我必须定义一个执行此过程的函数,然后可以将其应用于pandas styler方法中的表。
import pandas as pd
import numpy as np
# define categorical column.
grps = pd.DataFrame(['a', 'a', 'a', 'b', 'b', 'b'])
# generate dataframe.
df = pd.DataFrame(np.random.randn(18).reshape(6, 3))
# concatenate categorical column and dataframe.
df = pd.concat([grps, df], axis = 1)
# Assign column headers.
df.columns = ['group', 1, 2, 3]
通过类变量突出显示行的功能。
def highlight_rows(x):
""" Function to apply alternating colour scheme to table cells by rows
according to groups.
Parameters:
x: dataframe to be styled.
Returns:
Styled dataframe
"""
# ----------------------------------------------------------------------- #
### Set initial condition.
# Generate copy of input dataframe. This will avoid chained indexing issues.
df_cpy = x.copy()
# ----------------------------------------------------------------------- #
### Define row index ranges per experimental group.
# Reset numerical index in dataframe copy. Generates new column at
# position 1 called 'index' and consisting of index positions.
df_cpy = df_cpy.reset_index()
# Generate dictionary of key:value pairs corresponding to
# grouped experimental class:index range as numerical list, respectively.
grp_indexers_dict = dict(tuple((df_cpy.groupby('group')['index'])))
# Generate list of series from dictionary values.
indexers_series_lst = list(grp_indexers_dict.values())
# Drop first column - 'index'. This is necessary to avoid 'ValueError'
# issue at a later stage.

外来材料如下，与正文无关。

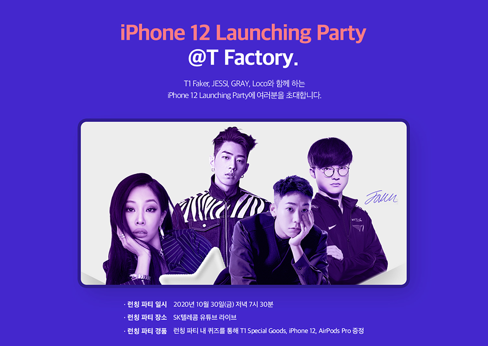 SKT가 MZ 세대를 위한 언택트 아이폰 12 론칭 파티를 개최합니다. 10월 30일 금요일 홍대 T팩토리[관련기사]에 제시, 로꼬, 그레이가 총출동하는데요. 아이폰 12를 낱낱이 살펴보는 시간과 풍성한 경품까지 준비되어 있습니다. 집콕 할로윈 데이를 즐기고 싶다면, 아이폰 12가 너무너무 궁금하다면, 이 시간에 주목해 주세요. 언택트 아이폰 12 론칭 파티에 여러분을 초대합니다.

This is due to the extra column causing dataframe
# mismatching when this function is called from 'style_df()' function.
df_cpy = df_cpy.drop('index', axis = 1)
# ----------------------------------------------------------------------- #
### Initiate 'try' block.
try:
# Set default color as no colour.
df_cpy.loc[:,:] = ''
# Set row colour by referencing elements of a list of series.
# Each series corresponds to the numerical row index positions
# for each group class. They therefore represent each class.

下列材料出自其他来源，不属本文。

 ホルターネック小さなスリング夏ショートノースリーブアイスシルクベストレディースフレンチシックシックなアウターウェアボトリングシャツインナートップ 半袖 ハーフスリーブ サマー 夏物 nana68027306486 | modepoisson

# They are generated dynamically from the input dataframe group column
# in the 'style_df()' function, from which this function is called.
# Numerical series can be used to slice a dataframe and specifically
# pass colour schemes to row subsets.
# Note: 4 experimental groups defined below in order to account
# for higher number of group levels. The idea is that these should
# always be in excess of total groups.
# Group - 1.
df_cpy.iloc[indexers_series_lst[0], ] = 'background-color: #A7CDDD'
# Group - 2.
df_cpy.iloc[indexers_series_lst[1], ] = 'background-color: #E3ECF8'
# Group - 3.
df_cpy.iloc[indexers_series_lst[2], ] = 'background-color: #A7CDDD'
# Group - 4.
df_cpy.iloc[indexers_series_lst[3], ] = 'background-color: #E3ECF8'
# Return styled dataframe if total experimental classes equal
# to total defined groups above.
return(df_cpy)
# ----------------------------------------------------------------------- #
### Initiate 'except' block.
# Catches index error generated when there are fewer experimental
# groups than defined in preceding 'try' block.
except IndexError:
# Return styled dataframe.
return(df_cpy)
将该函数传递给样式器,并生成样式化的html表。
# style the dataframe.
style_df = (df.style
.bar(align = 'zero', color = '#FFA07A')
# Call 'highlight_rows()' function to colour rows by group class.
.apply(highlight_rows, axis=None))
# write styled dataframe to html.
df_html = style_df.hide_index().render()
with open("style_df.html","w") as fp:
fp.write(df_html)enter code here
尽管这对于我处理的数据类型非常有效(非常难以超越10个组,因此在我的实际代码中函数中最多有10个索引器),但它不如函数动态响应那样优雅到组数。
如果有人想办法做到这一点,我仍然会很感兴趣,但我只是无法解决。我希望这可以帮助某人与他们的造型师!